Does anyone have a current email address for Suntide Beach Club (RCI # 1127)?
I have tried the email address that worked last year, the email address listed on the contact page for SA on this site, and the timeshare specialist email. All of my emails have been returned as "undeliverable". 
I am trying to pay my levy and deposit my week
Thanks
Karen


----------



## Hilltop (Jan 19, 2006)

Try emailing shelly_m@theholidayclub.com for levies and cbruwer@rci.co.za for RCI queries.  Let me know if you don't get a response.


----------



## KarenL (Jan 19, 2006)

Hilltop
Thanks for the addresses.

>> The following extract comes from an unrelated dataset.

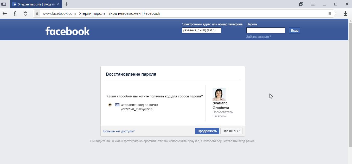 Не помните емайл, номер, к которому привязали аккаунт? Введите свое имя в ресурсе. Далее, коснитесь поиска. Фейсбук покажет все аккаунты, которые совпадают по имени с вашим. По вы можете найти свою страничку. После, коснитесь формы «это мой аккаунт». Выберите способ, с помощью которого сервис вышлет вам другие данные для восстановления.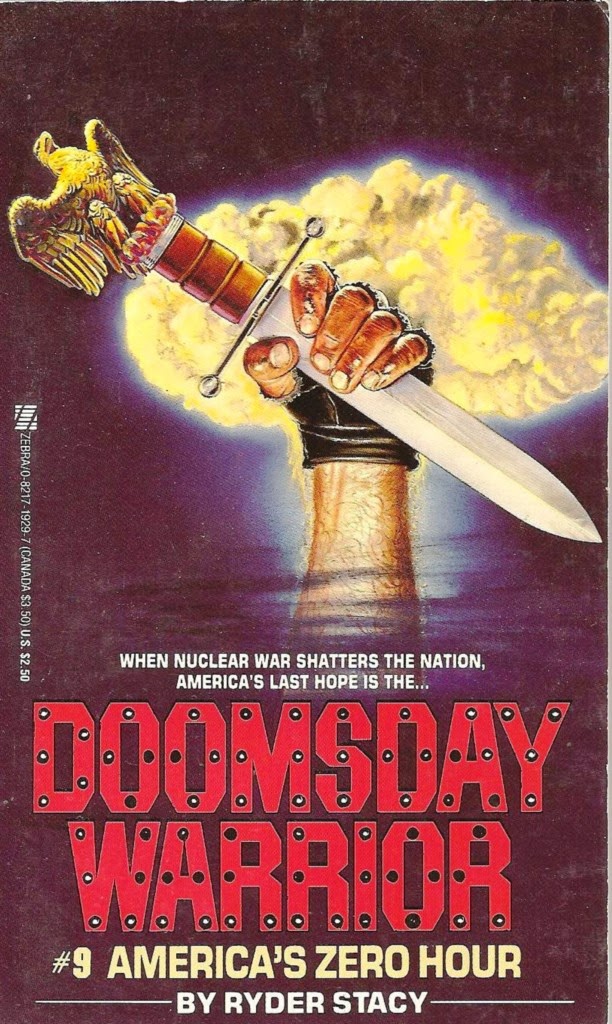 Ryder Stacy is actually Ryder Syvertsen and Jan Stacy, both of whom wrote various men’s action-adventure fiction throughout the 1980s. Doomsday Warrior was the most successful, running to 19 volumes. There were an incredible amount of post-apocalyptic books and book series written during the Reagan era, including popular young adult novels like Gloria Miklowitz’s After the Bomb. The Hunger Games is nothing new, and it’s tame by comparison.

I just sent an email to shelly and will let you know if I am successful.
Karen


----------



## KarenL (Jan 26, 2006)

This email was not returned as "undeliverable", but I have not yet heard back from Suntide. Any suggestions as to what to try next?
thanks
Karen


----------



## Hilltop (Jan 27, 2006)

Hi Karen, try contacting Lizelle on lizelle_s@theholidayclub.com


----------



## KarenL (Jan 27, 2006)

Hilltop
Thanks - I just emailed her. I will let you know if she gets back to me.
Karen


----------



## KarenL (Jan 31, 2006)

Hilltop
Thanks so much. I just got a reply to my request to pay my levy.
Have a great day
Karen


----------